Among those 117 readmitted, “39 patients had a reinfection, 68 had an exacerbation of their chronic conditions, and 10 were admitted for ‘concerning symptoms’ without a primary admitting diagnosis,” the investigators reported. Because “a third of our cohort was readmitted with an infection, it is possible that more disadvantaged neighborhoods created more challenges for a person’s immune system, which may be compromised after recovering from sepsis.”

Dr. DuGoff further noted that health literacy may be lower among people living in less advantaged neighborhoods.

“A number of studies suggest when patients leave the hospital, they’re not sure what they need to do. The language is complicated, and it’s hard to know what kind of medication to take when, and when you’re supposed to return to the doctor or the hospital,” Dr. DuGoff said. “Managing all of that can be pretty scary for people, particularly after a traumatic experience with sepsis at the hospital.”

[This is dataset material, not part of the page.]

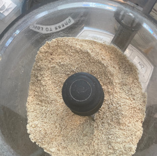 1. In a food processor fitted with the metal blade, add oats, flaxseed meal, chickpea flour, coconut. Process until all ingredients are finely chopped, about 1 minute.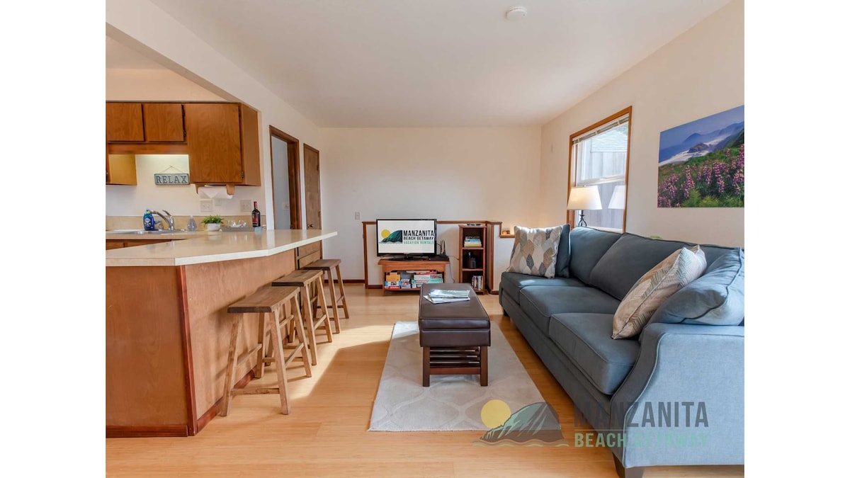 Sandcastle Unit B-4 - the perfect getaway for couples and families. 1.5 blocks to the beach, this remodeled, first floor, 2 bed-2 bath condo in south Cannon Beach is a quiet relaxing spot 2 miles from downtown. It includes a 1-car garage equipped with a FREE High Speed EV universal charger and a heated saltwater pool(community). It is next door to Fresh Foods Market and has plenty of amenities for kids. New king size medium firm mattress with a plush mattress topper and new leather premium couch

Most patients had been discharged home (67.3%), but the 31.6% discharged to a skilled nursing facility had a greater likelihood of readmission, compared with those discharged home (P < .01); 1% were discharged to acute rehabilitation. The average length of stay during the index hospitalization was also greater for those readmitted (8.7 days) than for those not readmitted (6.4 days). The groups did not differ in terms of their acute organ dysfunction or severity of their comorbidities.

However, even after adjustment for these factors, “neighborhood disadvantage remained significantly associated with 30-day rehospitalization in patients who were discharged with sepsis,” the authors said. Specifically, each additional standard deviation greater in patients’ ADI was associated with increased risk of 30-day readmission (P < .001).

“Given that the ADI is a composite score, we cannot identify which component is the predominant driver of rehospitalizations for patients who survive sepsis,” the authors wrote. “However, all components that make up the index are intertwined, and policy efforts targeting one (i.e., unemployment) will likely impact others (i.e., housing).”

Dr. Durfey said that medical schools have not traditionally provided training related to management of social risk factors, although this is changing in more recent curricula. But the findings still have clinical relevance for practitioners.

“Certainly, the first step is awareness of where and how patients live and being mindful of how treatment plans may be impacted by social factors at both the individual and community levels,” Dr. Durfey said. “An important part of this is working in partnership with social workers and case managers. Importantly, clinicians can also partner with disadvantaged communities to advocate for improved conditions through policy change and act as expert witnesses to how neighborhood level factors impact health.”

Dr. DuGoff also wondered what implications these findings might have currently, with regards to COVID-19.

“People living in disadvantaged neighborhoods are already at higher risk for getting the disease, and this study raises really good questions about how we should be monitoring discharge now in anticipation of these types of issues,” she said.

The authors noted that their study is cross-sectional and cannot indicate causation, and the findings of a single urban institution may not be generalizable elsewhere. They also did not consider what interventions individual patients had during their index hospitalization that could have increased frailty.

The study did not note external funding. One coauthor of the study, Suchi Saria, PhD, reported receiving honoraria and travel reimbursement from two dozen biotechnology companies for keynotes and advisory board service; she also holds equity in Patient Ping and Bayesian Health. The other authors reported no industry disclosures. In addition to consulting for Berkeley Research Group, Dr. DuGoff has received a past honorarium from Zimmer Biomet. Dr. Durfey has no disclosures.